Using rich evidence from the Iberian Peninsula, Alfred Hirt addresses the question of what mining did for the economic and social integration of peripheral regions into the Roman Empire

With the expansion of its empire from the early second century BCE to third century CE, Rome increasingly gained possession of important metal resources. Modern historians have mostly focused on the value of these mines and metals for the Roman state and the role of administrative and legal institutions in shaping this economic sector. The impact of mines and mining on peripheral regions of the Roman Empire, however, has been largely ignored, although extractive ventures play an important part in the development of remote areas in comparable settings of later periods (e.g. ‘New Spain’/Mexico in the sixteenth century CE).

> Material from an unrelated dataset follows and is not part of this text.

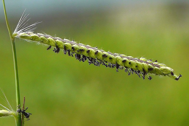 ![]() 小穂の先がとがり、垂れ下がった葯は紫黒色。 2015.10.6 横浜市中区 |

For the Roman Empire the question, therefore, is what mines and mining did for the economic development of peripheral regions and for their social and cultural integration into the Roman Empire. The archaeological and epigraphic data (i.e. inscriptions on objects and monuments), less so the literary texts of Roman antiquity, present multiple avenues to address this question. It has been argued, for example, that mining drove changes in settlement location and density in some peripheral regions; whether this observation still holds true given the recent increase in evidence requires further examination. Similarly, the hypothesis that mining communities (more than others) were places of high economic and social interaction, providing markets for local produce (grain, timber, wood, etc.) and thus furthered the economic integration of a remote region into the Roman Empire requires substantiation. And who drove these developments, took on the economic risk and invested their capital and labour in mining operations? The role of Roman and Italian immigrants to the provinces and of local/regional miners in exploiting these sources calls for a re-evaluation.
Spain and Portugal offer the most abundant set of epigraphic and archaeological evidence and provide an ideal basis for a case study. The varied nature of the evidence, moreover, calls for a collaborative and multidisciplinary approach which draws on the expertise of my Spanish colleagues at the Consejo Superior de Investigaciones Scientificas (CSIC) in Madrid, who are at the cutting edge of the exploration of Roman mining landscapes on the Iberian Peninsula. With the generous support of the Leverhulme Trust I will be spending six months in 2022 in Madrid to explore underdeveloped lines of inquiry through discussions and workshops with my colleagues there and to flesh out a grant proposal for a collaborative project.